> [WHAT IS REQUIRED]:
For the records below, please print exactly and only the lines from the one with "A hátsó diffúzor, amelyet" down to the one with "Photo Caption : Former", both ends included, omitting the pictures.

> [STORED DATA]:
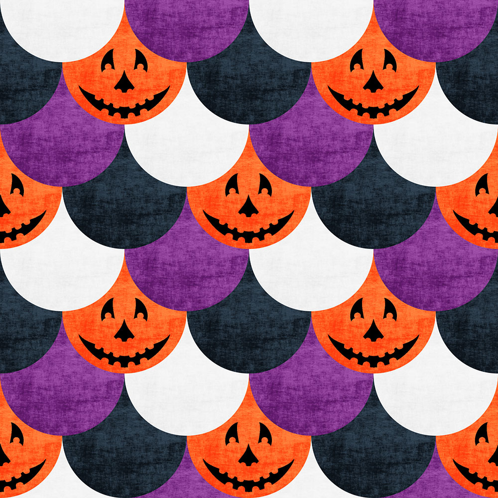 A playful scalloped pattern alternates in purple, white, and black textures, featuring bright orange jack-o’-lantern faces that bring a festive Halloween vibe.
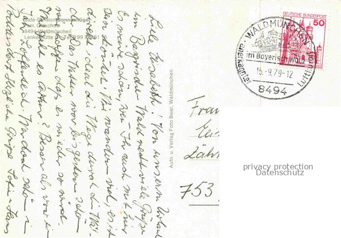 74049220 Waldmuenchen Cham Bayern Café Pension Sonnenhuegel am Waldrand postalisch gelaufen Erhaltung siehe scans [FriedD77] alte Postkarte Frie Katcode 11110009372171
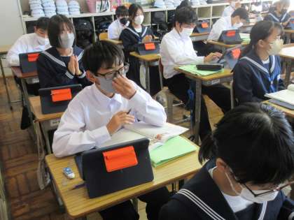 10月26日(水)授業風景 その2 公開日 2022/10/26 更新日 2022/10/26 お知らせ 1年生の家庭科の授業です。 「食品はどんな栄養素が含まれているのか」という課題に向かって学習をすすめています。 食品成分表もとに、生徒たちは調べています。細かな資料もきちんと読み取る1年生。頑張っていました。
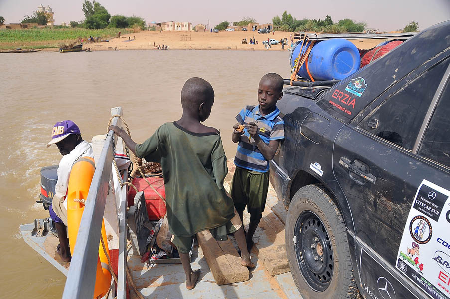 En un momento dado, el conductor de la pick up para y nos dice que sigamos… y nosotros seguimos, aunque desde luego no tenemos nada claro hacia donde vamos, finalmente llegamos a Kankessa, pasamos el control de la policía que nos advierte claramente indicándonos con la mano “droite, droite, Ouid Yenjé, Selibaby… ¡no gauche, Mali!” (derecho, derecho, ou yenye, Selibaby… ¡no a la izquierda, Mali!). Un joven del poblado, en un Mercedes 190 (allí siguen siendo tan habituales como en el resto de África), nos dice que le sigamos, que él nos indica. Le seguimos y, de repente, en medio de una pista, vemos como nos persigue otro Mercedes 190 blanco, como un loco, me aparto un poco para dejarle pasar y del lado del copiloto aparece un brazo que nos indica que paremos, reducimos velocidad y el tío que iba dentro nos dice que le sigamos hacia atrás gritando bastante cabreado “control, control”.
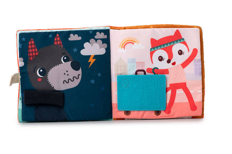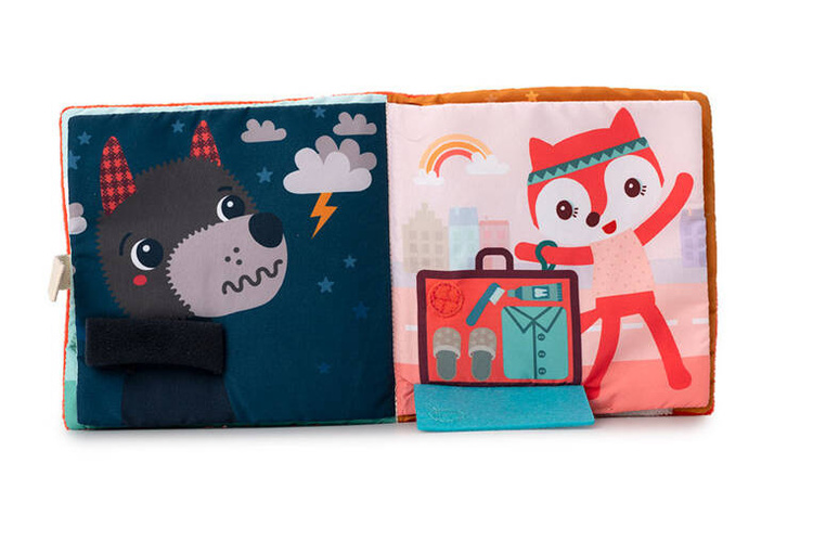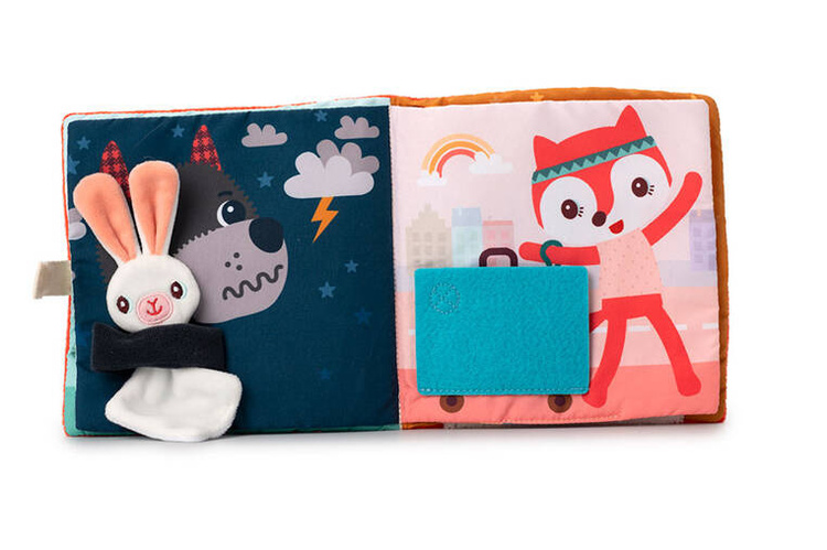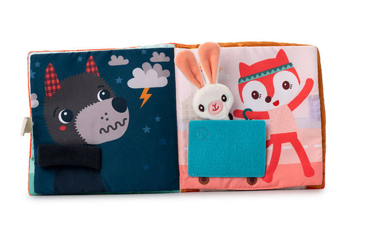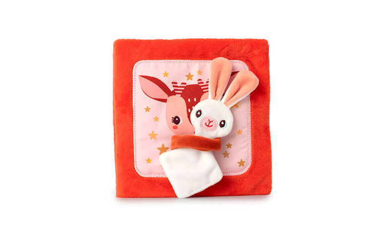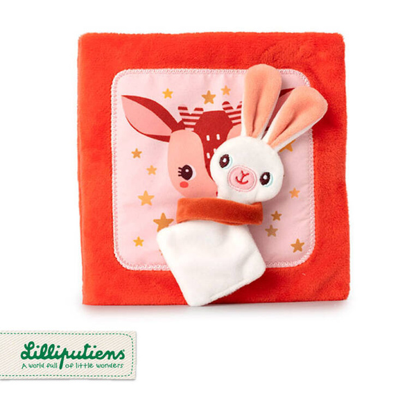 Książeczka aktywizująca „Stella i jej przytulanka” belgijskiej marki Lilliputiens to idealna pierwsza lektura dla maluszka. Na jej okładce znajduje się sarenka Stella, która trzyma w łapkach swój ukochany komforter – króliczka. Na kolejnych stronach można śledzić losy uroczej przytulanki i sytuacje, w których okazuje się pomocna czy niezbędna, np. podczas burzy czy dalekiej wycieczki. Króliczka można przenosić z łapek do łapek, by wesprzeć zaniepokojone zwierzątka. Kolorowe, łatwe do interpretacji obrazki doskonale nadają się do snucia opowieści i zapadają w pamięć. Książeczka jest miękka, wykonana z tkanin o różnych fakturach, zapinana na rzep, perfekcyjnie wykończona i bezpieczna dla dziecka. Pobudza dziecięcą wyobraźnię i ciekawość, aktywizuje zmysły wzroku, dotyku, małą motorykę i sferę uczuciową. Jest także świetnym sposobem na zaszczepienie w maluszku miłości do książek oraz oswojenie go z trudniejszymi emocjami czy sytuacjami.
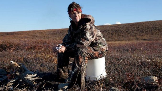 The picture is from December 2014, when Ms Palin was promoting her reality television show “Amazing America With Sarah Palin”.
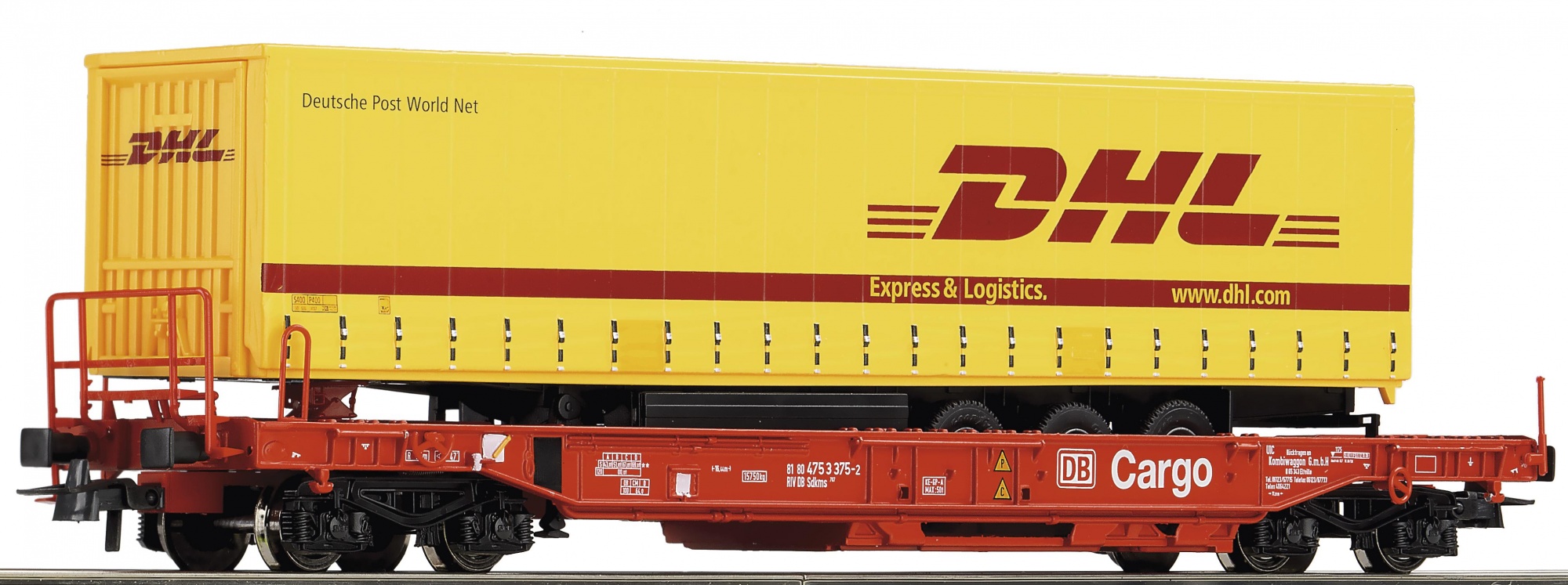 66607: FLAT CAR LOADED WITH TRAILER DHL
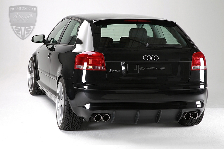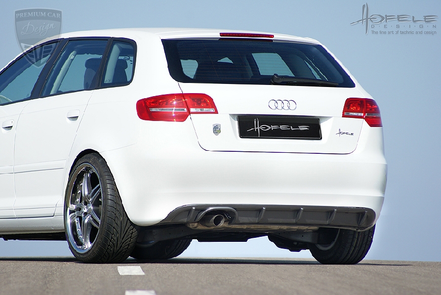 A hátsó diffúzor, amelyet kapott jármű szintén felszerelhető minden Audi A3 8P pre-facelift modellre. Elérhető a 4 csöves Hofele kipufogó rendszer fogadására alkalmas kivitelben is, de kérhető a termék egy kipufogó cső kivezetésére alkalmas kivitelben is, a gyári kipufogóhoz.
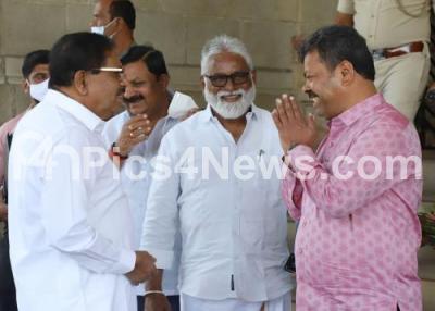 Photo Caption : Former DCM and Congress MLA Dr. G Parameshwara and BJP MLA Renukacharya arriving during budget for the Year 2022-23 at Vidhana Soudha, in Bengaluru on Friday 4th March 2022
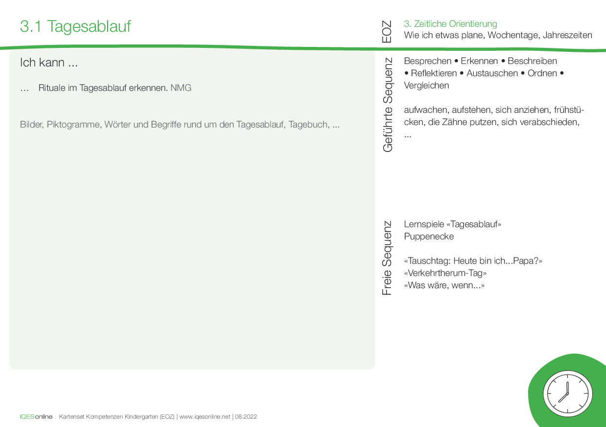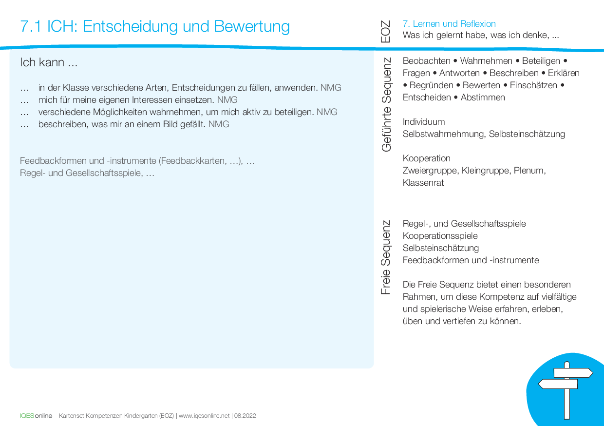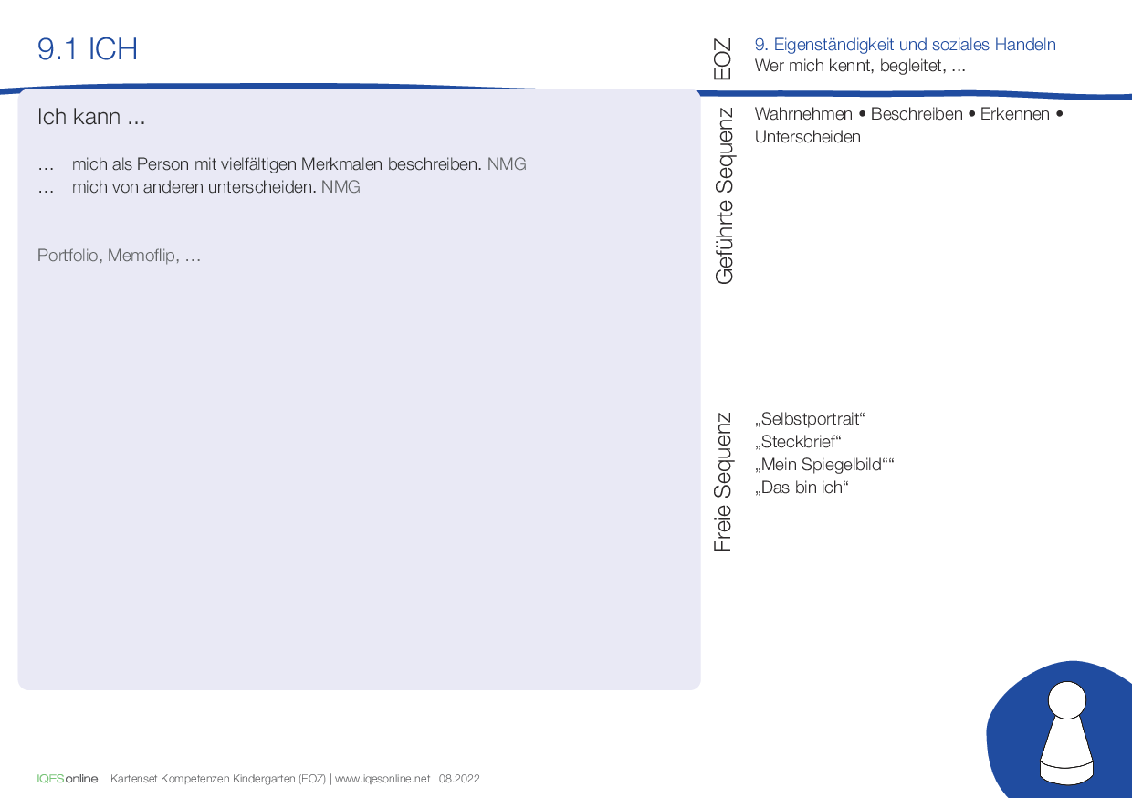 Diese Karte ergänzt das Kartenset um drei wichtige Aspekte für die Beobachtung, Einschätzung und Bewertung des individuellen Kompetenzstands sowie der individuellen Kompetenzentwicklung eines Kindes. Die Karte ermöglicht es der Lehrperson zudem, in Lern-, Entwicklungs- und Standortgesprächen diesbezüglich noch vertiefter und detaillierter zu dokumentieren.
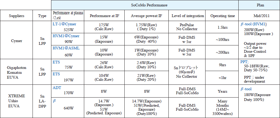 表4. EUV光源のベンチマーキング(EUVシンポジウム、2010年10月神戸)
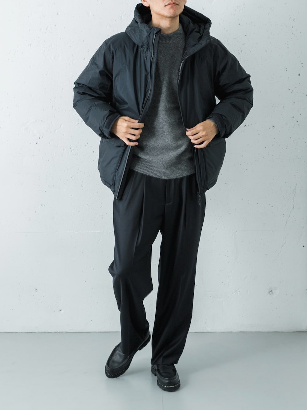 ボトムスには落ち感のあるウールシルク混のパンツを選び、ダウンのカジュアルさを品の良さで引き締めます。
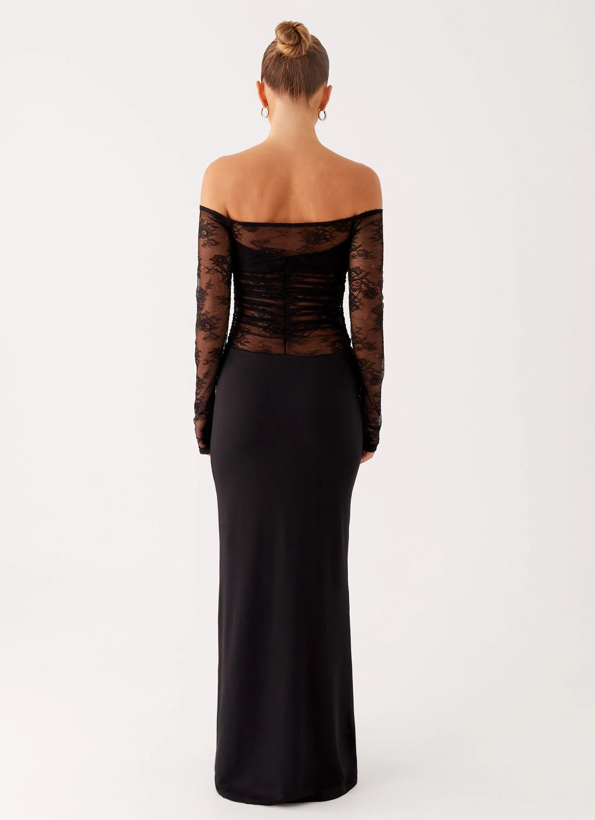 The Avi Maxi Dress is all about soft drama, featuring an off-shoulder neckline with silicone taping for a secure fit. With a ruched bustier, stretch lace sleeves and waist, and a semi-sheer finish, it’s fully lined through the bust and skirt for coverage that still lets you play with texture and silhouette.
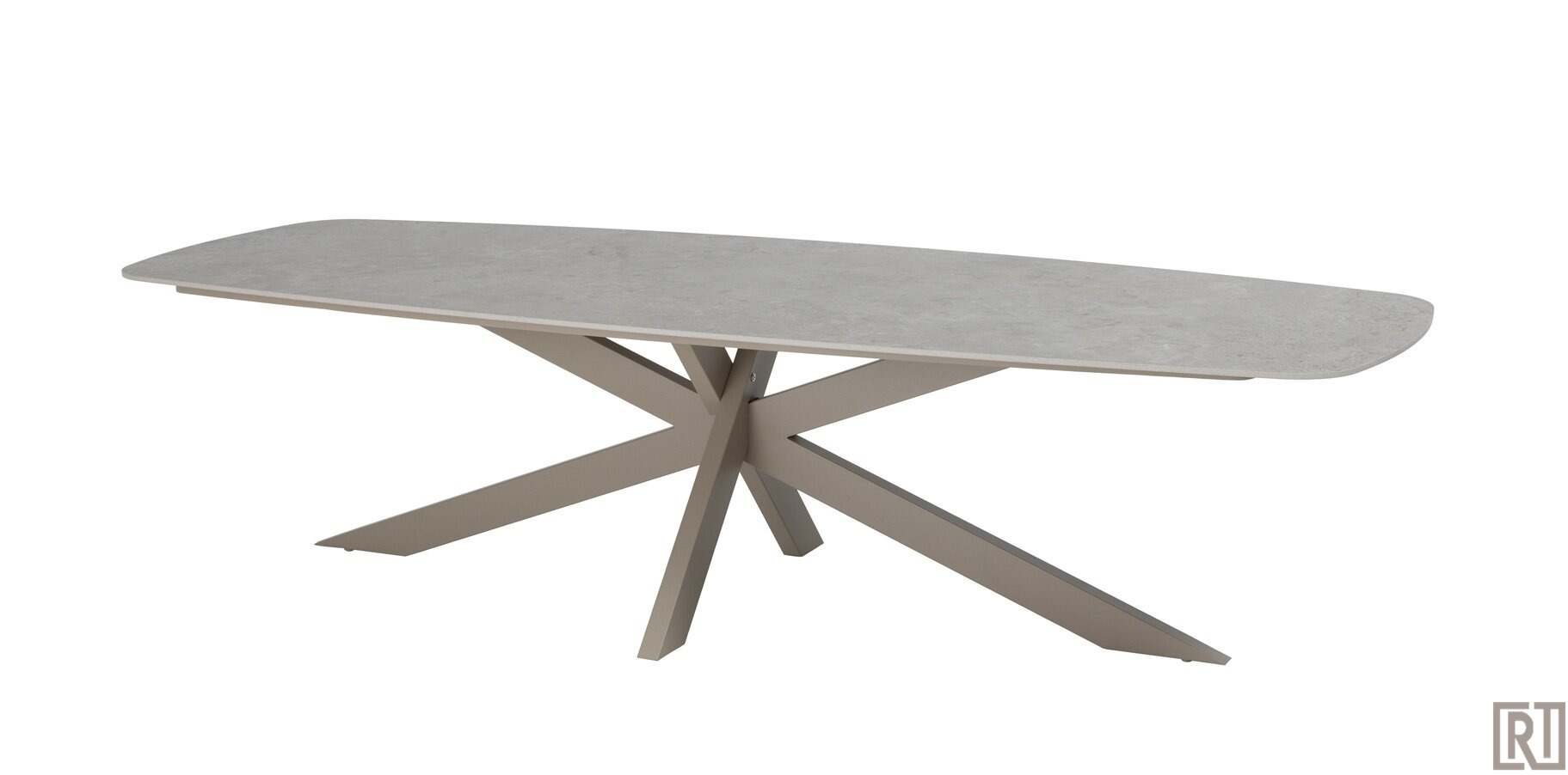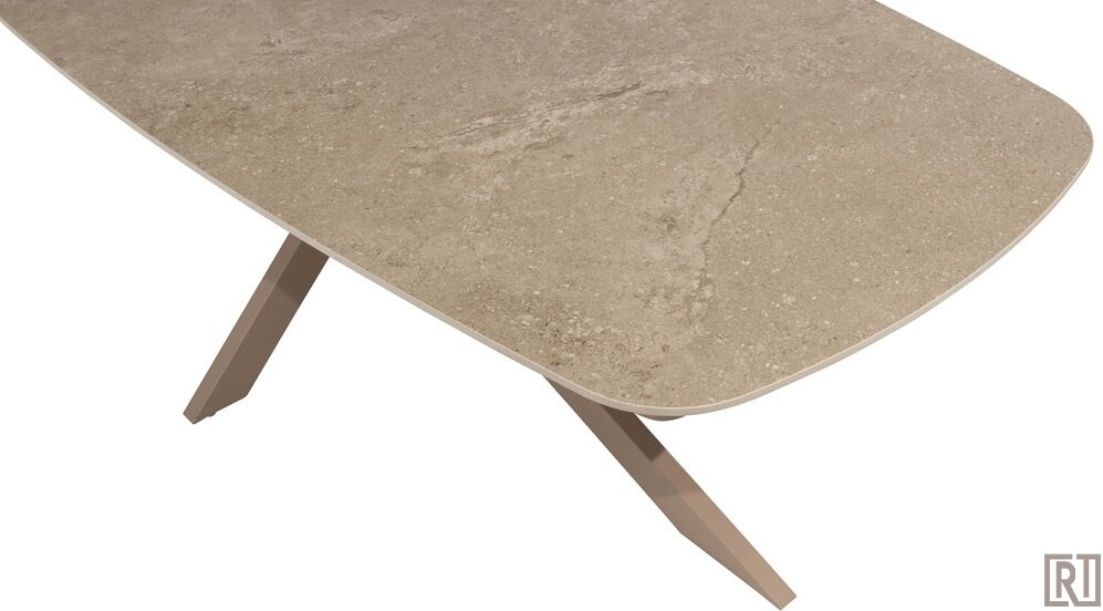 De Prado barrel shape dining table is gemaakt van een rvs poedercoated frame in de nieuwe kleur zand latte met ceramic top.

> [ANSWER BOX]:
 A hátsó diffúzor, amelyet kapott jármű szintén felszerelhető minden Audi A3 8P pre-facelift modellre. Elérhető a 4 csöves Hofele kipufogó rendszer fogadására alkalmas kivitelben is, de kérhető a termék egy kipufogó cső kivezetésére alkalmas kivitelben is, a gyári kipufogóhoz.
 Photo Caption : Former DCM and Congress MLA Dr. G Parameshwara and BJP MLA Renukacharya arriving during budget for the Year 2022-23 at Vidhana Soudha, in Bengaluru on Friday 4th March 2022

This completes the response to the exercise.